Data for analysis:
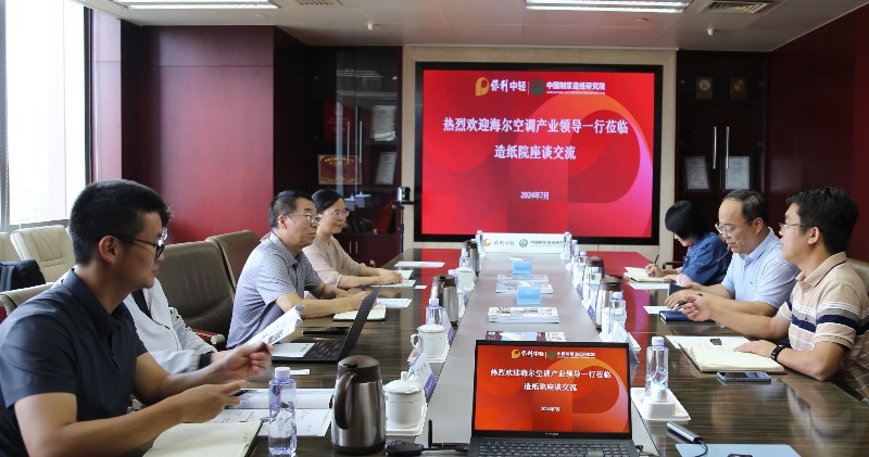 近日,海爾智家空調產業(yè)包裝研究所所長朱振學一行到訪中國制漿造紙研究院(以下簡稱“中國造紙院”)。中國造紙院紙基功能新材料事業(yè)部、包裝技術研發(fā)中心等相關部門負責人熱情接待了朱振學一行,并進行座談交流。
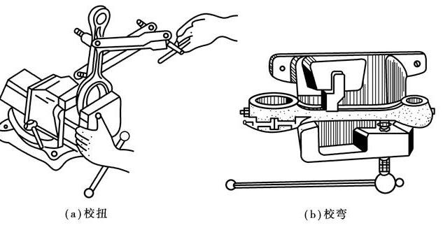 ①連桿變形的校正:當連桿彎、扭變形并存時應(yīng)先校扭后校彎。在校正連桿時,首先要記下連桿彎曲或扭曲的方向及其彎曲度和扭曲度的數(shù)值。
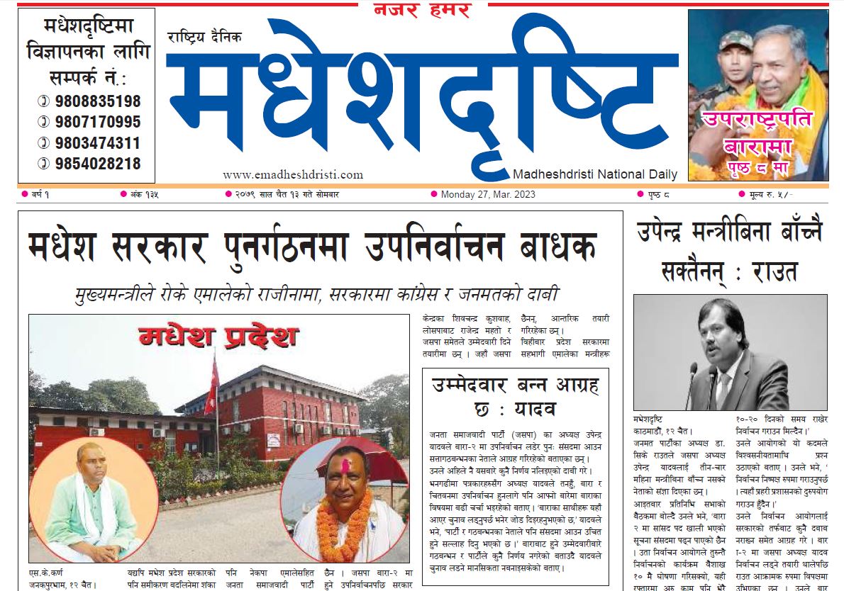 २०७९ चैत्र १३ गते सोमबार मधेशदृष्टि पत्रिका
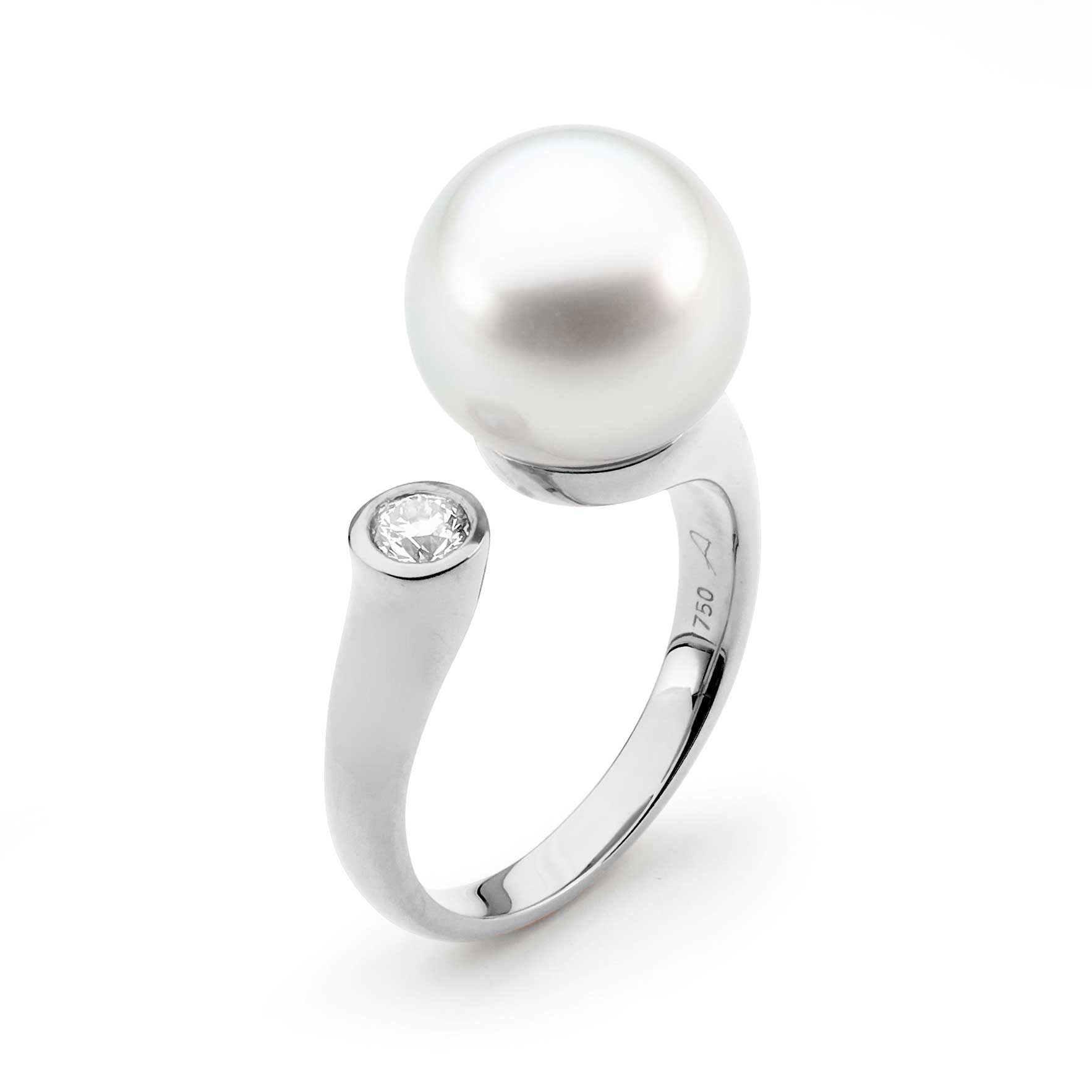 Set within an 18ct gold split face, the Bezel Set Diamond and Pearl Ring features a 10-11mm South Sea button pearl with excellent lustre, and one (0.19ct G/SI) bezel set diamond.
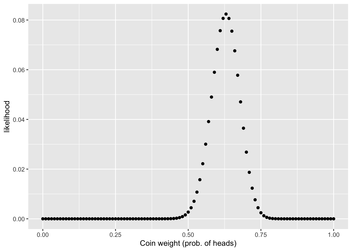 likelihood_vs_coin_weight(63, 100, 0.7)[1] 0.02683446
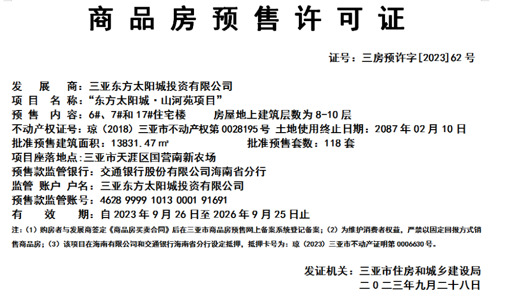 预售许可证公示(2023年62号):“东方太阳城·山河苑项目”6#、7#、和17#住宅楼预售预售
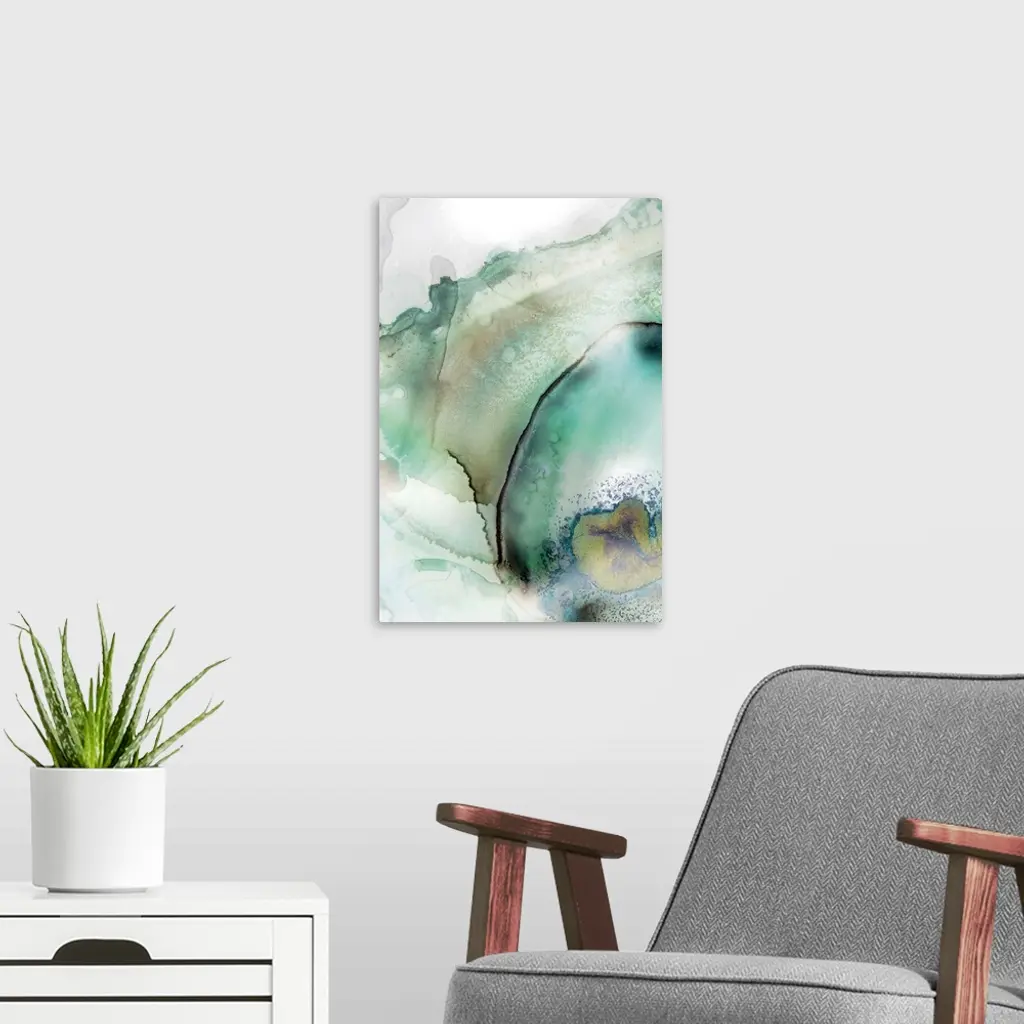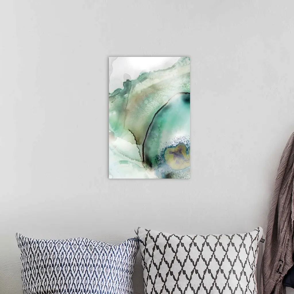 Abstract watercolor artwork of softly blending shades of teal and jade green.

Directions: Without the pictures, retype exactly the lines from the one that holds "Set within an" to the last line of the data above, both of them included.

Answer space:
 Set within an 18ct gold split face, the Bezel Set Diamond and Pearl Ring features a 10-11mm South Sea button pearl with excellent lustre, and one (0.19ct G/SI) bezel set diamond.
 likelihood_vs_coin_weight(63, 100, 0.7)[1] 0.02683446
 预售许可证公示(2023年62号):“东方太阳城·山河苑项目”6#、7#、和17#住宅楼预售预售
 Abstract watercolor artwork of softly blending shades of teal and jade green.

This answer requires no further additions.